### What you need to do
Please give the number of lines in the records below that include "data", with no other output.

━━━ Task inputs ━━━

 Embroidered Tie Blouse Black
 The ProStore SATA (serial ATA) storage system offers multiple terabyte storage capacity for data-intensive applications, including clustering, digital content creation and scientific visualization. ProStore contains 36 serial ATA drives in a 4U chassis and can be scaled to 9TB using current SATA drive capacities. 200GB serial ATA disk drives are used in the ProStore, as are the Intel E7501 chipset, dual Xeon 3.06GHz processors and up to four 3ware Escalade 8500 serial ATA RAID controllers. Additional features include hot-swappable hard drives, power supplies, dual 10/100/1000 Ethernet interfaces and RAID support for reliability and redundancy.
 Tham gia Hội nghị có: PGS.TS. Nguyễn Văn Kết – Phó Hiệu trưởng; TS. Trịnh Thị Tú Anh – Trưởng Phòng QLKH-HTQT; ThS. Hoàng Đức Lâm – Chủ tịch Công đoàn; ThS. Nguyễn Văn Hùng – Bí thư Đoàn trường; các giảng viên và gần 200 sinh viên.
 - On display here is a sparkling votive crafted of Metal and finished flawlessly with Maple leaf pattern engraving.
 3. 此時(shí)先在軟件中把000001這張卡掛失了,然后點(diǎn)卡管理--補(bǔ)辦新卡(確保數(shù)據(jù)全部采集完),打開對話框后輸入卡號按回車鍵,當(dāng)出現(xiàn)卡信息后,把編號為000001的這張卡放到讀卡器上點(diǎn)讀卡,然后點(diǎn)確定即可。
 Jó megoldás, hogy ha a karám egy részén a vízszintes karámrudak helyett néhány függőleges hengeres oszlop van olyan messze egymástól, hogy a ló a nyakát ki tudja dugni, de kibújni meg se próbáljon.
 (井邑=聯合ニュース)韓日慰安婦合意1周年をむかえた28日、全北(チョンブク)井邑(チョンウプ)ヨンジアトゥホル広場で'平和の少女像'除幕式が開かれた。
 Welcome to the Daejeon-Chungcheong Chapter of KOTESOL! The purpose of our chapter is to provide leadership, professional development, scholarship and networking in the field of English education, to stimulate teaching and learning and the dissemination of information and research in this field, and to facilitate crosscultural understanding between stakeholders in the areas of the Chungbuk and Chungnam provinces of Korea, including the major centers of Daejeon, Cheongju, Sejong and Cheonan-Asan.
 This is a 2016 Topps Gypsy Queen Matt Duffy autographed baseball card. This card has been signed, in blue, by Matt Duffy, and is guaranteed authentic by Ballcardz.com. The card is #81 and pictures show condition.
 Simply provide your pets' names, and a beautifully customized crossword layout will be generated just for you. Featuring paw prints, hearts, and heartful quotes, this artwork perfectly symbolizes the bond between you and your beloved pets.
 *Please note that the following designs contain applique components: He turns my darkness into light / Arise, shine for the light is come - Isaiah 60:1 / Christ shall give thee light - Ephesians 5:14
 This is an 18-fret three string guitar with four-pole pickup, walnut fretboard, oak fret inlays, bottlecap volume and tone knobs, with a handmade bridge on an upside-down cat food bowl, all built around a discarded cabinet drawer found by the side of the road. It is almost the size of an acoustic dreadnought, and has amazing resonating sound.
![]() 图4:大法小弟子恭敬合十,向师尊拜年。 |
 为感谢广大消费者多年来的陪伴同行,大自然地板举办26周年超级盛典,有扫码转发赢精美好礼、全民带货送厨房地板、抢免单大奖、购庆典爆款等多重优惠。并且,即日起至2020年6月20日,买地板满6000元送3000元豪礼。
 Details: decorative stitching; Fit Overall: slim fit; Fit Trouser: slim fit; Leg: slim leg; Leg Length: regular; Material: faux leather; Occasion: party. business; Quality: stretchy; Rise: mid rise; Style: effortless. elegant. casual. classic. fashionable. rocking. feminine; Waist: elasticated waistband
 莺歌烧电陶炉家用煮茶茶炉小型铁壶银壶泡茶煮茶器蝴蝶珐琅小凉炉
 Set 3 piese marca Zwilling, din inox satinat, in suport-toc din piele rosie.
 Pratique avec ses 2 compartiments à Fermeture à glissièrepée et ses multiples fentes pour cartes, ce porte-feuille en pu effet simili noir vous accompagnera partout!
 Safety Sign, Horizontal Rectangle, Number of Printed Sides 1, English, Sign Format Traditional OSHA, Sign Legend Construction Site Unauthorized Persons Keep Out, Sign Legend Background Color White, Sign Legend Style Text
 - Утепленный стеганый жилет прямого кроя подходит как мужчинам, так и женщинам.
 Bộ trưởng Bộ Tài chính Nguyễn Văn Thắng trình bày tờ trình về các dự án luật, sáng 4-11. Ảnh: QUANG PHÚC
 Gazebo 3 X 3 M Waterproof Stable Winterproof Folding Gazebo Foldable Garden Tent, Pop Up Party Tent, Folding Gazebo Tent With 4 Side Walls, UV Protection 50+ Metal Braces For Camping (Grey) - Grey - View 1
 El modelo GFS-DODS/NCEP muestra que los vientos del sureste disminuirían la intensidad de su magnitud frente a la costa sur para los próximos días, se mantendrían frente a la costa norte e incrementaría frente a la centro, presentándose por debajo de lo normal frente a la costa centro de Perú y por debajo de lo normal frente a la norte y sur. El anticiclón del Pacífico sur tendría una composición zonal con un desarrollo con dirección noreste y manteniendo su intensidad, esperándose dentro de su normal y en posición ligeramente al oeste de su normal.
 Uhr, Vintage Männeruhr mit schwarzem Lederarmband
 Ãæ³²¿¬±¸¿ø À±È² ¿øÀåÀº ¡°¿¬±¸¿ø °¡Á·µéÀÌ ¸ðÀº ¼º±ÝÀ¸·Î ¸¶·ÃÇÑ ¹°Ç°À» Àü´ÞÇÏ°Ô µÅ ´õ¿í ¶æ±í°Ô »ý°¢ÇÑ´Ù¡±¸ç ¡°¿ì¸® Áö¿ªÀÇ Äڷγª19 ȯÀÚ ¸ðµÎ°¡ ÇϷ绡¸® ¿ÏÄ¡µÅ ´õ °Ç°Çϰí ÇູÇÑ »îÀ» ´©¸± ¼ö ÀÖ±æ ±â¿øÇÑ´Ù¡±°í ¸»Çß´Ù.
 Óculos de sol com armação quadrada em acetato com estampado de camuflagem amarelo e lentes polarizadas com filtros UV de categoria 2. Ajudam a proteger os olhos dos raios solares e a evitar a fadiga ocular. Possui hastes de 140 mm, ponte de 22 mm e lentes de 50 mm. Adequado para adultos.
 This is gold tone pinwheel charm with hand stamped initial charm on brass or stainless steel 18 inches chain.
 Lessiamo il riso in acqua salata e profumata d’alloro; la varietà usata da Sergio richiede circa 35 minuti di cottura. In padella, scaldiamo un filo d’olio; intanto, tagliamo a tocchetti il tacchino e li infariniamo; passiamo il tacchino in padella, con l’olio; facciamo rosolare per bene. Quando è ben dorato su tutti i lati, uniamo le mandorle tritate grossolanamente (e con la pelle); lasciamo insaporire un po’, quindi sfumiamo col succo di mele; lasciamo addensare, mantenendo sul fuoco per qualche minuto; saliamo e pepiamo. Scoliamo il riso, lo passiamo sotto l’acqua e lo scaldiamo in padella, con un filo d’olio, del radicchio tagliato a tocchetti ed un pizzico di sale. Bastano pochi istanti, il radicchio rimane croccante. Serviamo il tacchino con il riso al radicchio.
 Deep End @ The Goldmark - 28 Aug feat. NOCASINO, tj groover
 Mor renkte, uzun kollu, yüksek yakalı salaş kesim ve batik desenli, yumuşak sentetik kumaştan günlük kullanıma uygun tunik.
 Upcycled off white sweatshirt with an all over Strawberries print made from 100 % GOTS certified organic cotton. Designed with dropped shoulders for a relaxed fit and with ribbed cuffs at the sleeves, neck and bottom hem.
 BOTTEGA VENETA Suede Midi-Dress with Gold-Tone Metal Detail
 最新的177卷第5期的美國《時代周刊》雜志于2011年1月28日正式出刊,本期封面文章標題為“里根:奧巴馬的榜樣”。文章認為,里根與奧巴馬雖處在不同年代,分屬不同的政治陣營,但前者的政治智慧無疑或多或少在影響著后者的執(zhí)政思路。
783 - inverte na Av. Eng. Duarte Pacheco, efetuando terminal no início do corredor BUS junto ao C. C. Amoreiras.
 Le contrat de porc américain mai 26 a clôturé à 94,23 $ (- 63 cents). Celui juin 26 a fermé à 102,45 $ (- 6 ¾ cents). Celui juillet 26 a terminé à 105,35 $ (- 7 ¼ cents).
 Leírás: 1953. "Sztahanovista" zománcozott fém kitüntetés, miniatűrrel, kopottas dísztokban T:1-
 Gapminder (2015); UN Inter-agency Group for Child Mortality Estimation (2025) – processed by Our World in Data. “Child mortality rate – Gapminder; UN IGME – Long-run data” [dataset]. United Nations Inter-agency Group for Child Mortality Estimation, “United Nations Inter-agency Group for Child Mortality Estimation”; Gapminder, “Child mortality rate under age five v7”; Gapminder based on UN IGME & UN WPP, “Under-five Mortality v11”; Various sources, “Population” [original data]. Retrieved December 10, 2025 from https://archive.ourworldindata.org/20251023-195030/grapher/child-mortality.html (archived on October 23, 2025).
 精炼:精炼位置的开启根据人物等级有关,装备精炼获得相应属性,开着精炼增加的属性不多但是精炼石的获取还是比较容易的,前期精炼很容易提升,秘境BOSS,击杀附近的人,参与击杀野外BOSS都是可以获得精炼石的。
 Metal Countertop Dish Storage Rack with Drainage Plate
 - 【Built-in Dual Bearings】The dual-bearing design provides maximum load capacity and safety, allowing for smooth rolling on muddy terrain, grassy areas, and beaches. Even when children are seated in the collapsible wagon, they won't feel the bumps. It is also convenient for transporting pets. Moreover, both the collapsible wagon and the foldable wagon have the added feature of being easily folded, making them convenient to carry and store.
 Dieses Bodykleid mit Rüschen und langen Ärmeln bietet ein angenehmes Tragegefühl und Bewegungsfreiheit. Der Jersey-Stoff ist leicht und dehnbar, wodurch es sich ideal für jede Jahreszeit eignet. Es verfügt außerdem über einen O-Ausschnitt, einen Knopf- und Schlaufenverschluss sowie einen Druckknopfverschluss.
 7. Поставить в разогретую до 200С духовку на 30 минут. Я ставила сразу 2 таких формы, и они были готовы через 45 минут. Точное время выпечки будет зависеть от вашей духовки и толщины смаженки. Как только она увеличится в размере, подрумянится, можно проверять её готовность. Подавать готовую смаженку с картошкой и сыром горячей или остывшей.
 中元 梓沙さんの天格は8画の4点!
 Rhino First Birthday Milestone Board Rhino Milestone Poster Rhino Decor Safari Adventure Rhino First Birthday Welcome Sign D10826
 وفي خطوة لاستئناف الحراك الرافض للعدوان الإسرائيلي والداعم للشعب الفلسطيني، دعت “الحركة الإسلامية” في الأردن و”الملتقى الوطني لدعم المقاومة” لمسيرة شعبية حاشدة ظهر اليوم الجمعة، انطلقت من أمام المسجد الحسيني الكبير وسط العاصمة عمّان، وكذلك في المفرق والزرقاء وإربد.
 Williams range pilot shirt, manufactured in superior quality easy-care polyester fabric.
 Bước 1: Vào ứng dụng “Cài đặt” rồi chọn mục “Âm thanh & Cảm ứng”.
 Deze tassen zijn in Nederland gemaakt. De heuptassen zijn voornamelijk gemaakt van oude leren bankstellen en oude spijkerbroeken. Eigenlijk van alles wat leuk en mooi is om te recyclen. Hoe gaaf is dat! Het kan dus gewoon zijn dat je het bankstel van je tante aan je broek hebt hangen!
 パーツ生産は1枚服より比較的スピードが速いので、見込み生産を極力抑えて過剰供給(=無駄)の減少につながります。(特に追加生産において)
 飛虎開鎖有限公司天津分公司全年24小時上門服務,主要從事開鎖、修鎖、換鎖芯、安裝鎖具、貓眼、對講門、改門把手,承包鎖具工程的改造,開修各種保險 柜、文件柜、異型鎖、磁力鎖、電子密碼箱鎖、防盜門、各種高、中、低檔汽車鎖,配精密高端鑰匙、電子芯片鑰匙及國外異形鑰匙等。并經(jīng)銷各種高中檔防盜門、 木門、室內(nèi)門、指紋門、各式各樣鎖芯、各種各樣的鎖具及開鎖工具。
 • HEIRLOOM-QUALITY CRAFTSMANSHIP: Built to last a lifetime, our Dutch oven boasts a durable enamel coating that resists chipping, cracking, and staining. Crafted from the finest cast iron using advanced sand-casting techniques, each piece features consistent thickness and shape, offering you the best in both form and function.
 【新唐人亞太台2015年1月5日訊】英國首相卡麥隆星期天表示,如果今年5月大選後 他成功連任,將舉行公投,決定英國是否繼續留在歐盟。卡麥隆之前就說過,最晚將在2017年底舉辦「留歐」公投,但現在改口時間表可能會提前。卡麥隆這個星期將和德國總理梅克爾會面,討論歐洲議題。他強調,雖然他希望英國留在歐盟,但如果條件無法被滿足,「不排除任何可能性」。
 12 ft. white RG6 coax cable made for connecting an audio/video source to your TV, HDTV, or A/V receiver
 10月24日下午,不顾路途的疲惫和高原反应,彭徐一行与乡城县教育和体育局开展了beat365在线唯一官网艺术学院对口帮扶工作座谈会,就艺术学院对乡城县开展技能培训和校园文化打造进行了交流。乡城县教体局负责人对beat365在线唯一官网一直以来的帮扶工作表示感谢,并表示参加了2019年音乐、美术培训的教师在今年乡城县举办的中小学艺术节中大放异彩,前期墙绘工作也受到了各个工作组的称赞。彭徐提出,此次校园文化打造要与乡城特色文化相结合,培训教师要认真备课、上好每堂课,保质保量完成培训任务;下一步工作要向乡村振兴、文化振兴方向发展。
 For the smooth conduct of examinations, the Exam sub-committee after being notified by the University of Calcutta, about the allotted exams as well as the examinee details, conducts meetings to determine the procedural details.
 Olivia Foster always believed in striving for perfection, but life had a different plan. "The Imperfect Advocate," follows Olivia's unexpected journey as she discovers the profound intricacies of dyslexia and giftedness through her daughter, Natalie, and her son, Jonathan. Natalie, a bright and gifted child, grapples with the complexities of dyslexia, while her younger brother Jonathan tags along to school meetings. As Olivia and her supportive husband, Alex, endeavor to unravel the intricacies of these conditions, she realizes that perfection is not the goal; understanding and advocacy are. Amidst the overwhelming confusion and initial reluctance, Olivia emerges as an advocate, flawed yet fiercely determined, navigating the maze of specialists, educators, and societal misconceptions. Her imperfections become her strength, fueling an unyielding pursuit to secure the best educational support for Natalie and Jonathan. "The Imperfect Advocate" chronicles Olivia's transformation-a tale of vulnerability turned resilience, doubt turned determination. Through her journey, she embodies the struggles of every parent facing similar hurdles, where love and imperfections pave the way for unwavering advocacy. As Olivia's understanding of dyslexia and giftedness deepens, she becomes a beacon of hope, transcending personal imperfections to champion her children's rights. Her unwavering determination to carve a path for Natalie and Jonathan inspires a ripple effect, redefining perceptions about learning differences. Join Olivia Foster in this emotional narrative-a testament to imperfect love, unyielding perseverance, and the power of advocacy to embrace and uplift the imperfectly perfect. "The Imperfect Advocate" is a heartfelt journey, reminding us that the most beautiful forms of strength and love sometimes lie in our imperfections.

━━━

### Written solution
2